* _Exercise directions_: Repeat, word for word, all the data that follows, and exclude the pictures.

* _Data provided_:

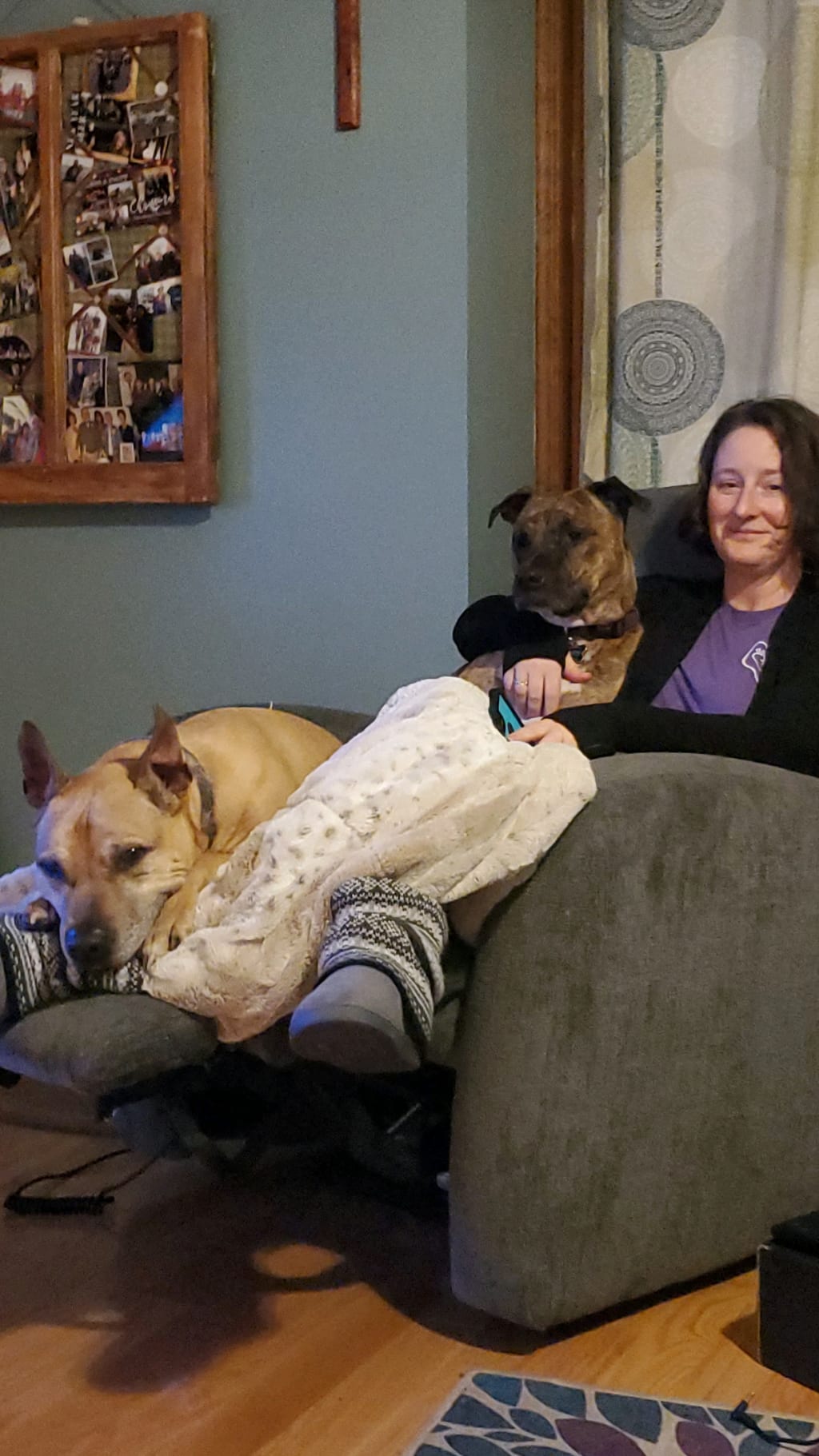 The Animal Control Center would frequently hold adoption events at the Tractor Supply stores in town. We noticed that just such an event would happen the next weekend and checked out the animals that would be there. A beautiful German Shepherd caught Allen’s eye. I was interested. But then I saw another description. “Nova. Female brindle pit mix. Between three and five years old. Puppies have been adopted.” It went on to say that since she had been at the shelter for so long, she would be put down soon. I knew which dog Cael and I would be looking at. Allen? He could check out the German Shepherd. I’m visiting this poor girl.
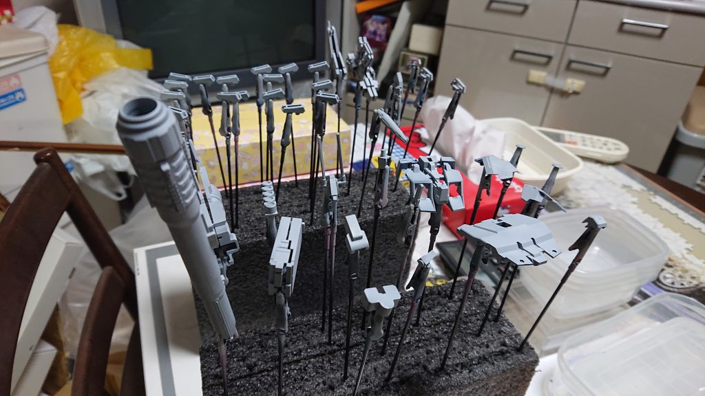 Tarupu 2021.11/19更新 23 ユニコーンガンダム 144 2 いいねしたモデラー(2) 0 作品を共有 白パーツの塗装が終わったのでグレーサフ工程に移ります。 フレームと白を除くとこれだけしかないという極端なキットですね、一応成形色毎に分けておかないと後で間違いそうです。 サフを吹いた後はまずはバーニア塗装、クレオスの焼鉄色とスーパーゴールドを調色してやや明るめにしておきます。 続いてはライフルなどの武装ですが、こちらはフィニッシャーズのライトガンメタルにピュアホワイトとガイアノーツのクリアグリーンで調色してあります。 制作中 コメント コメントをして応援しよう コメントにはログインが必要です Tarupu MG中心に作ってます、SEED系が多めです。キットそのものに手を入れることは稀ですが塗装は常に調色し既製のカラーをそのまま使うことはほぼありません。 できるだけ制作ストーリーも記録残っているものは充実させていければと思っています。 過去に制作したものも順次掲載していきたいと思います。 フォロー頂けると嬉しいです、よろしくお願いします。 5 ガンダムMk-II Ver.2.0 MG ガンダムMk-II Ver.2.0を塗装改修致しました… 6 ユニコーンガンダム MG ユニコーンガンダムの製作をしました。 Ver.Kaでは… 9 ストライクフリーダムガンダム フルバーストモード MGストライクフリーダム フルバーストモード塗装改修完了しま… 9 パーフェクトストライクガンダム Ver.RM パーフェクトストライクガンダムRMの作成記録です。エールスト… Tarupuさんのページ この作品をお薦め作品に設定する Please login to update your profile! Please login to update your profile! Please login to update your profile! Please login to update your profile!
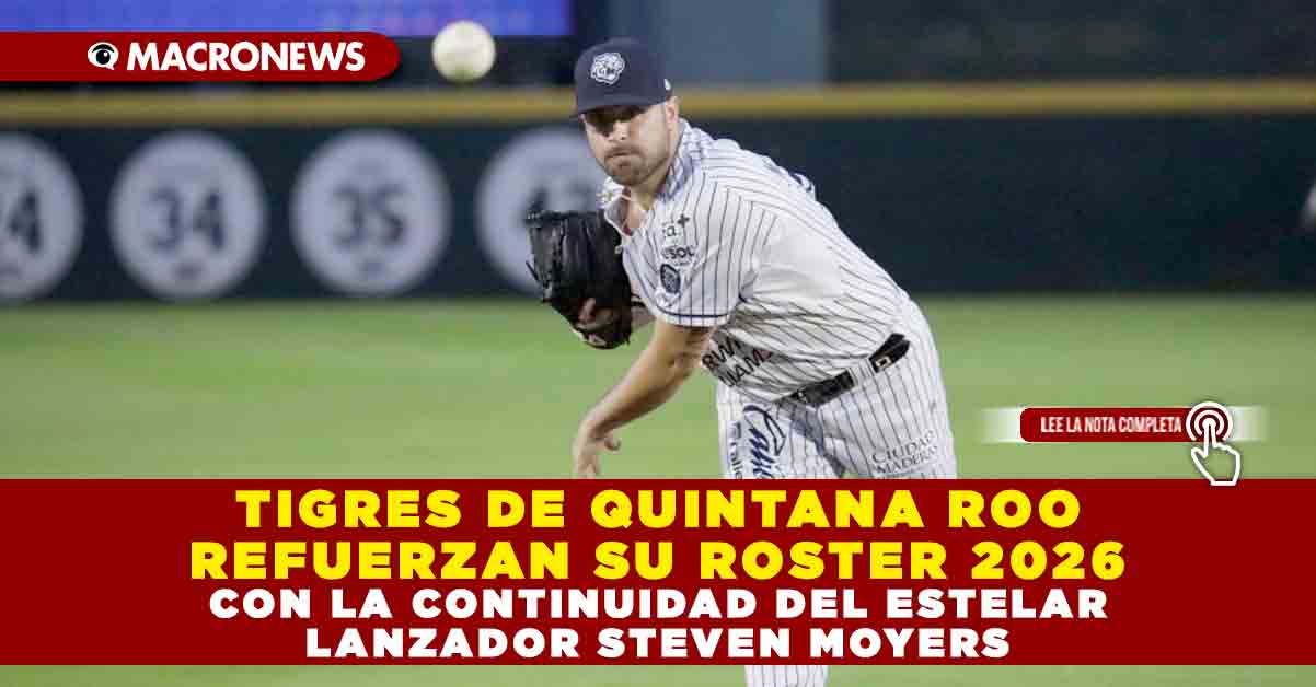 Redacción Macronews | Por Santiago Ramírez.- En el marco del impulso al deporte que respalda la gobernadora Mara Lezama, los Tigres de Quintana Roo continúan su reestructuración rumbo a la temporada 2026 de la Liga Mexicana de Beisbol, anunciando la permanencia del destacado lanzador zurdo Steven Moyers, quien se perfila como pieza fundamental en la rotación bengalí.
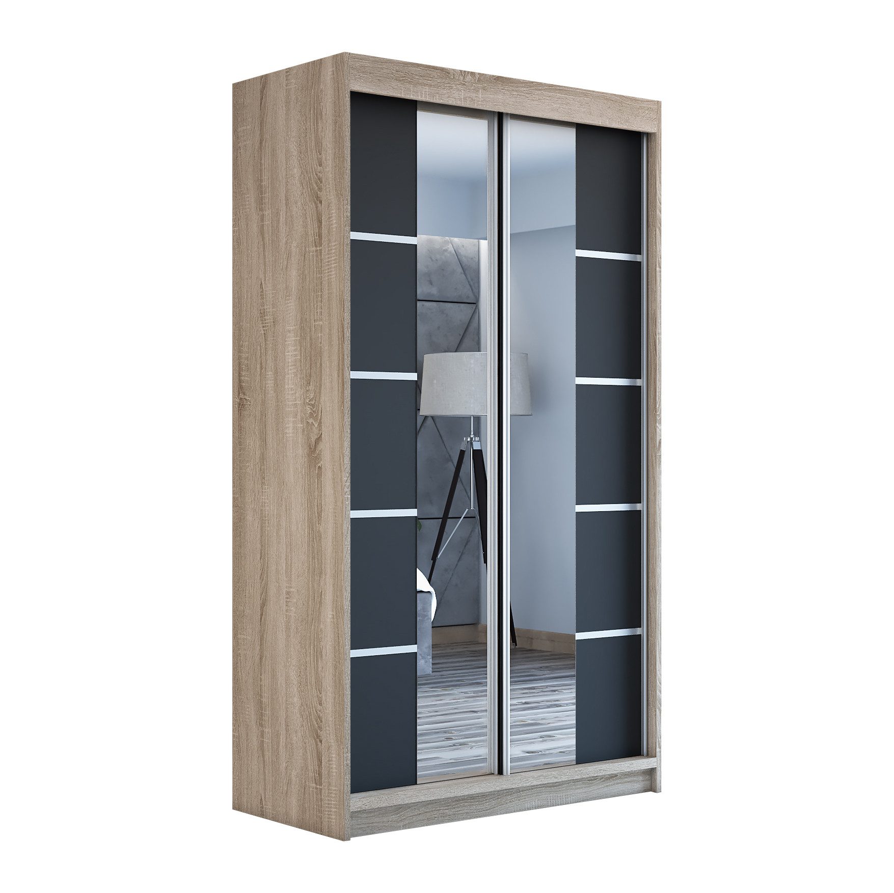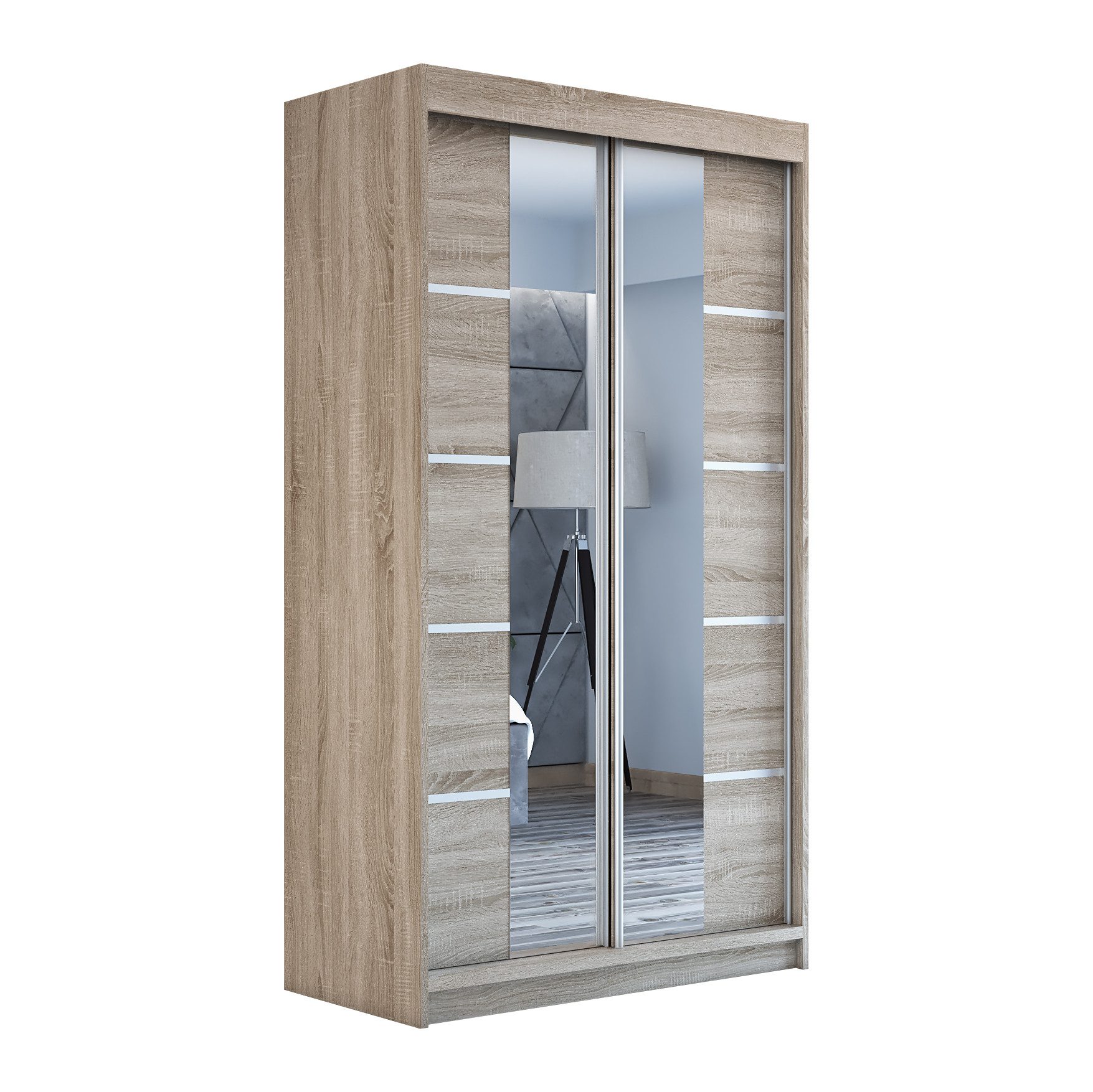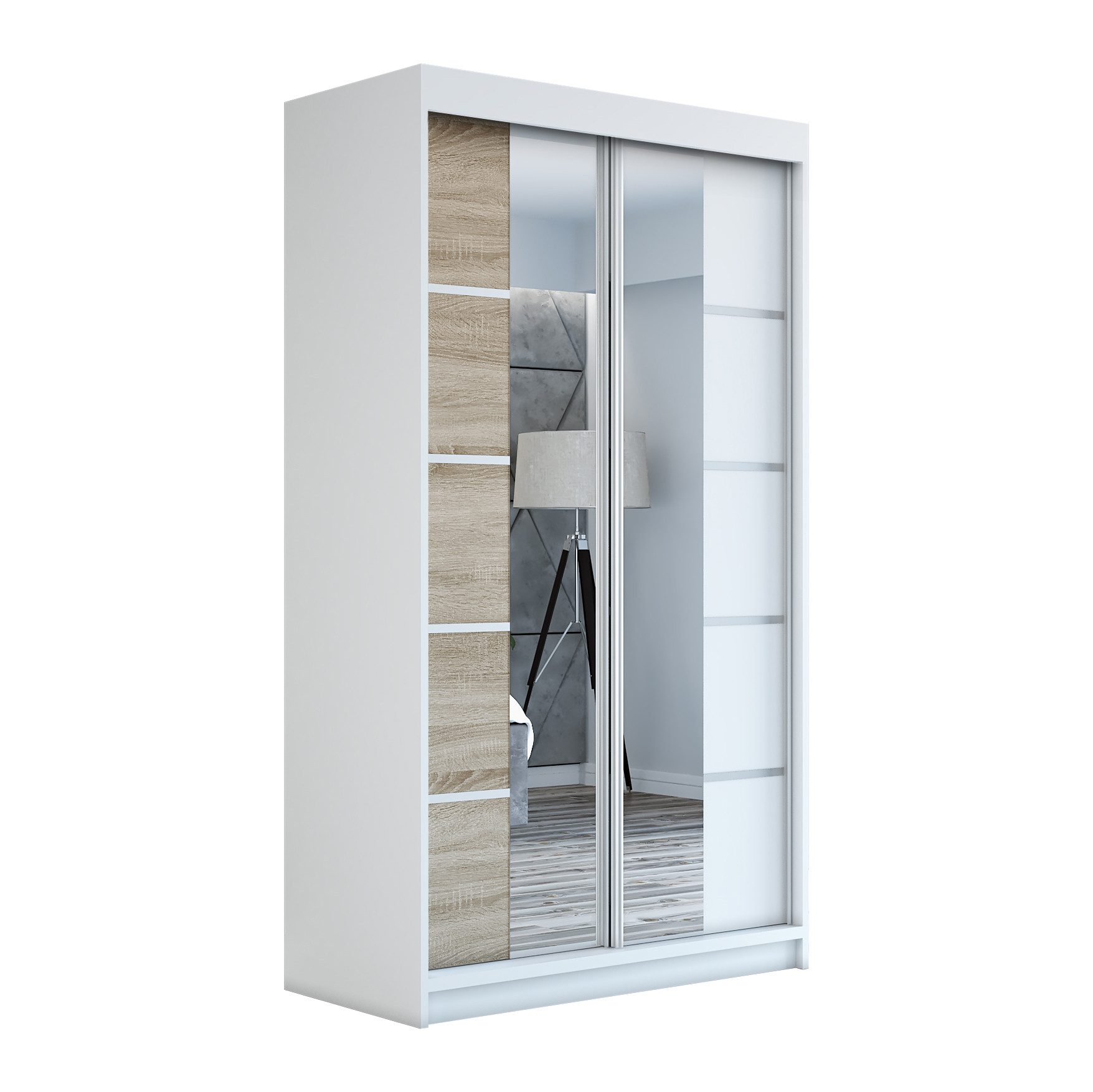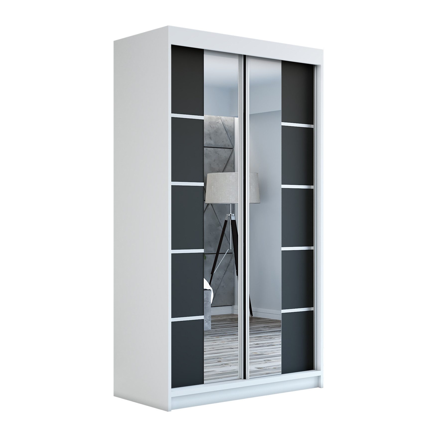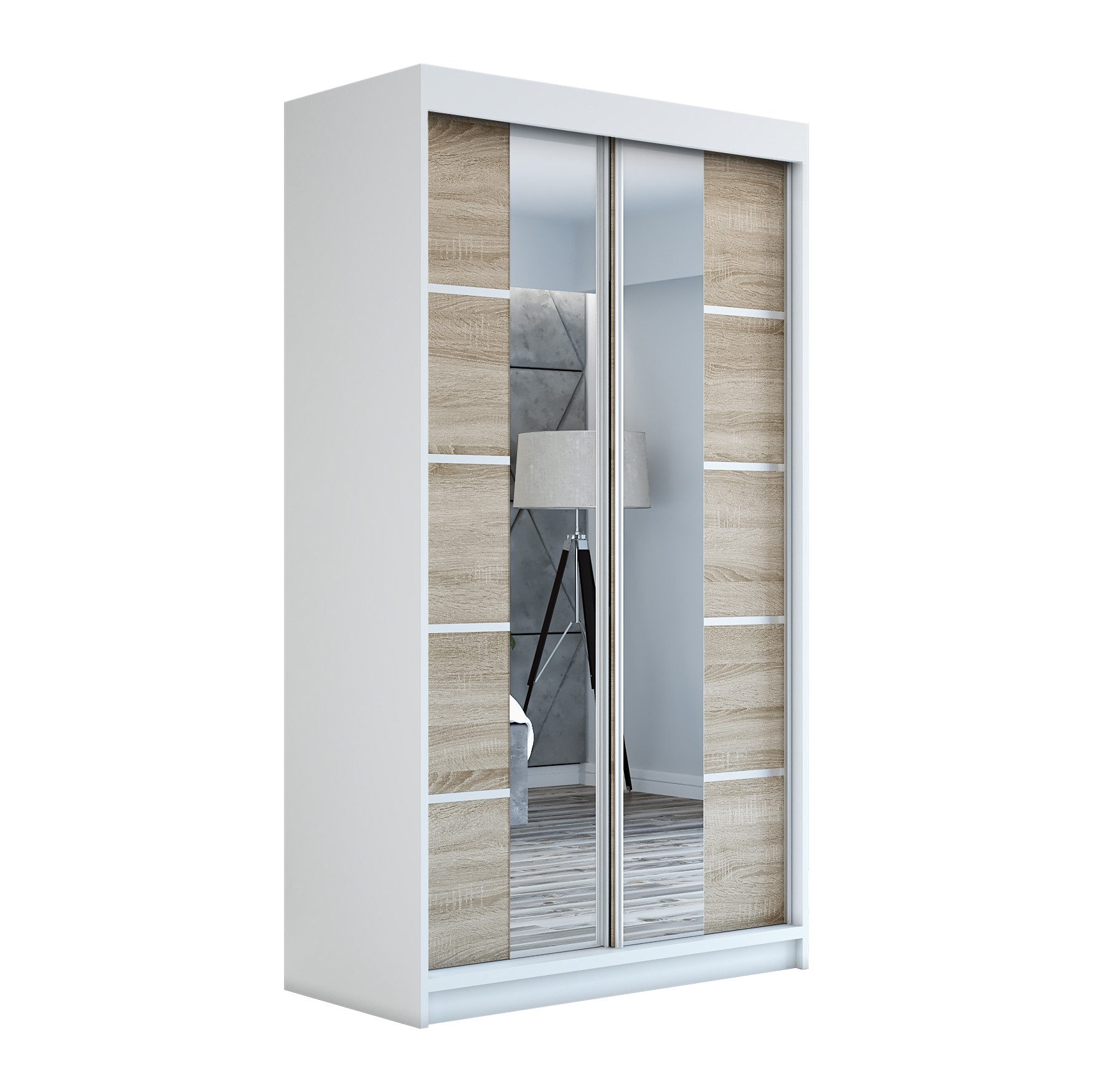 Der moderne 2-türige Kleiderschrank mit zwei Spiegeln ist die ideale Lösung für jedes Zuhause, das elegantes Design mit praktischer Funktionalität kombiniert. Der Schrank ist in drei verschiedenen Größen erhältlich (120 cm, 140 cm, 180 cm) sodass Sie das Modell auswählen können, das perfekt in Ihr Zimmer passt. Mit einer praktischen Kleiderstange und sechs Regalen bietet der Schrank ausreichend Platz für Ihre Kleidung und Accessoires. Die beiden Spiegel sorgen für praktische und stilvolle Ergänzungen, die den Raum optisch vergrößern.

* _Task response_:
 The Animal Control Center would frequently hold adoption events at the Tractor Supply stores in town. We noticed that just such an event would happen the next weekend and checked out the animals that would be there. A beautiful German Shepherd caught Allen’s eye. I was interested. But then I saw another description. “Nova. Female brindle pit mix. Between three and five years old. Puppies have been adopted.” It went on to say that since she had been at the shelter for so long, she would be put down soon. I knew which dog Cael and I would be looking at. Allen? He could check out the German Shepherd. I’m visiting this poor girl.
 Tarupu 2021.11/19更新 23 ユニコーンガンダム 144 2 いいねしたモデラー(2) 0 作品を共有 白パーツの塗装が終わったのでグレーサフ工程に移ります。 フレームと白を除くとこれだけしかないという極端なキットですね、一応成形色毎に分けておかないと後で間違いそうです。 サフを吹いた後はまずはバーニア塗装、クレオスの焼鉄色とスーパーゴールドを調色してやや明るめにしておきます。 続いてはライフルなどの武装ですが、こちらはフィニッシャーズのライトガンメタルにピュアホワイトとガイアノーツのクリアグリーンで調色してあります。 制作中 コメント コメントをして応援しよう コメントにはログインが必要です Tarupu MG中心に作ってます、SEED系が多めです。キットそのものに手を入れることは稀ですが塗装は常に調色し既製のカラーをそのまま使うことはほぼありません。 できるだけ制作ストーリーも記録残っているものは充実させていければと思っています。 過去に制作したものも順次掲載していきたいと思います。 フォロー頂けると嬉しいです、よろしくお願いします。 5 ガンダムMk-II Ver.2.0 MG ガンダムMk-II Ver.2.0を塗装改修致しました… 6 ユニコーンガンダム MG ユニコーンガンダムの製作をしました。 Ver.Kaでは… 9 ストライクフリーダムガンダム フルバーストモード MGストライクフリーダム フルバーストモード塗装改修完了しま… 9 パーフェクトストライクガンダム Ver.RM パーフェクトストライクガンダムRMの作成記録です。エールスト… Tarupuさんのページ この作品をお薦め作品に設定する Please login to update your profile! Please login to update your profile! Please login to update your profile! Please login to update your profile!
 Redacción Macronews | Por Santiago Ramírez.- En el marco del impulso al deporte que respalda la gobernadora Mara Lezama, los Tigres de Quintana Roo continúan su reestructuración rumbo a la temporada 2026 de la Liga Mexicana de Beisbol, anunciando la permanencia del destacado lanzador zurdo Steven Moyers, quien se perfila como pieza fundamental en la rotación bengalí.
 Der moderne 2-türige Kleiderschrank mit zwei Spiegeln ist die ideale Lösung für jedes Zuhause, das elegantes Design mit praktischer Funktionalität kombiniert. Der Schrank ist in drei verschiedenen Größen erhältlich (120 cm, 140 cm, 180 cm) sodass Sie das Modell auswählen können, das perfekt in Ihr Zimmer passt. Mit einer praktischen Kleiderstange und sechs Regalen bietet der Schrank ausreichend Platz für Ihre Kleidung und Accessoires. Die beiden Spiegel sorgen für praktische und stilvolle Ergänzungen, die den Raum optisch vergrößern.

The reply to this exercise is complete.